While not expressly mentioned yet, a closer look at the budget document shows an increase in allocation to Kendriya Vidyalayas, from Rs 6,437.68 crore in 2020-2021 to Rs 6,800 crore this year, and Navodaya Vidyalayas, from Rs 3,480 crore to Rs 3,800 crore. So these are likely being targeted for the improvement to new NEP standards. However, these schools already receive preferential treatment with much higher expenditure per student, a full complement of teachers and good infrastructure. It is the lakhs of other schools that require the extra support. The government is offering to “handhold” them to help come up to standard. One is hard pressed to fathom the rationale here.
On the other hand, the minister has chosen to add 150 Sainik schools – but with private and NGO support! It is not clear why Sainik schools are a priority in a pandemic year. It would appear, then, that neither the rhetoric nor intention are even attempting to address the problems that exist. Instead, listening to Sitharaman’s speech and reading the budget documents, one gets the feeling that “minimum government maximum governance” – a slogan the government revived this year – really means “absent government and private governance”.
Relief is to be provided by communities and NGOs, public assets are to be privatised, public sector banks to be disinvested, public services are to be privatised, private individuals are expected to provide support to teachers, even Sainik schools are to be opened with private sector and NGOs support. Clearly, the government has no plans to contribute to an ‘Atmanirbhar Bharat’. For who or what is this budget, then?
It is becoming increasingly tiresome to comment on the education budget year after year: it is but a tale of woe. As the demand for education from all quarters has increased, the state’s commitment has correspondingly shrunk. Parents from the lower quintiles are spending larger and larger fractions of their household income on education, without a guarantee of quality as even private schools are unable to provide better quality uniformly and tens of millions are still out of school.
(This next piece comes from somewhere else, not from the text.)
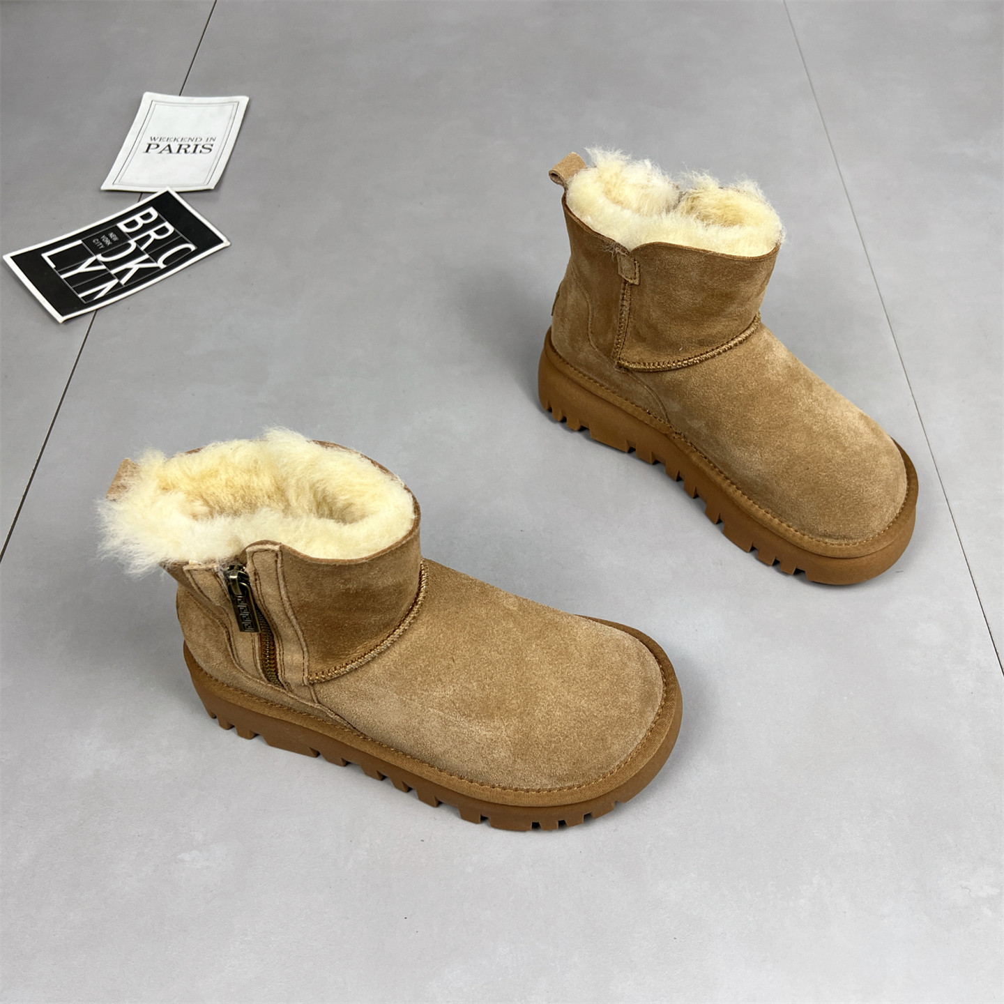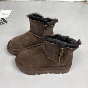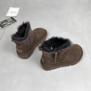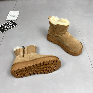 真皮厚底侧拉链短靴加绒保暖棉鞋 羊皮毛一体雪地靴女冬季 2025新款

Teachers struggle with multi-grade teaching and poor academic support, and millions of first-generation learners are still being denied their right to education. An education catastrophe existed even before the pandemic, but it is clearly being exacerbated now. To ignore it so comprehensively defies all logic.
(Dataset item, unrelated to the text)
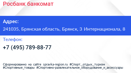 Росбанк, банкомат по адресу 241035, Брянская область, Брянск, 3 Интернационала, 8 в дальнейшем Организация, размещена в следующих категориях:

How long will this sector be ignored and at whose peril? Is it not amply clear that the fallout from such deep and persistent neglect of education is bound to create serious social and economic problems with long lasting effects for everyone? That economic recovery and growth cannot be based on a population whose human development has so consistently been neglected? That the social backlash can be (and is) devastating for everyone? That, the sector cannot be parcelled out to private and non-governmental largesse or philanthropy, which simply hasn’t the capacity to deal with the scale of the problem? That technology alone can’t save it? That serious physical, human and financial capacity gaps exist that require urgent redressal by the state? That none of this can be achieved by reducing financial allocations or not increasing them in line with requirements?
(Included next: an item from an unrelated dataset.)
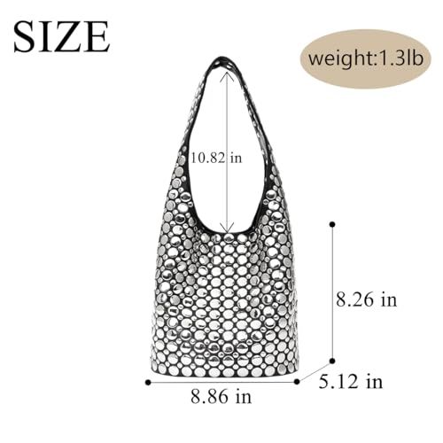 Fabric type: PU LeatherOrigin: ImportedClosure type: MagneticMaterial: This studded tote bags is made of durable pu leather and other superior materials for durability, a comfortable feel and an easy-to-clean surfaceSize: 8.86 in*5.12 in*8.26 in (L*W*H), Handle height 10.82 inches. Large capacity, the handbag can accommodate mobile phone, glasses, headphones, cosmetics, wallet and other items to meet your daily travel needs, have a variety of backpack way, such as shoulder bag, tote bag or handbag, feel free to matchOccasion: This 90s PU leather shoulder bag is simple and trendy in design, whether you are going to work, travelling, dating or attending a party, this bag can easily meet your needs and make a great impression on othersPractical structure: this y2k purse is designed with 1 main pocket inside 1 inner insert pocket, which can separate your small items and make it easy for you to access your itemsWarm Gift: An ideal gift for your loved ones on anniversaries, birthdays, Valentine's Day, Mother's Day, Thanksgiving, Christmas or wedding anniversaries. This cute and chic stud hobo purse is sure to be a hit with girlfriends, wives, mothers and friends Perfect for everyday use. High quality materials and excellent craftsmanship ensure long-lasting durability.

Yet every year, the Union education ministry allocation is whittled down to a fraction of its ask. This year, too, while the ministry asked for Rs 1,03,673.66 crore, it has received Rs 93,224 crore. How then do we expect India to be ‘atmanirbhar’? The fact that the government continues to turn a blind eye to the obvious links between education and all aspects of atmanirbharta has indeed failed to surprise.
Kiran Bhatty is a senior fellow at the Centre for Policy Research, New Delhi, and a founder member of the Forum for Deliberation on Education.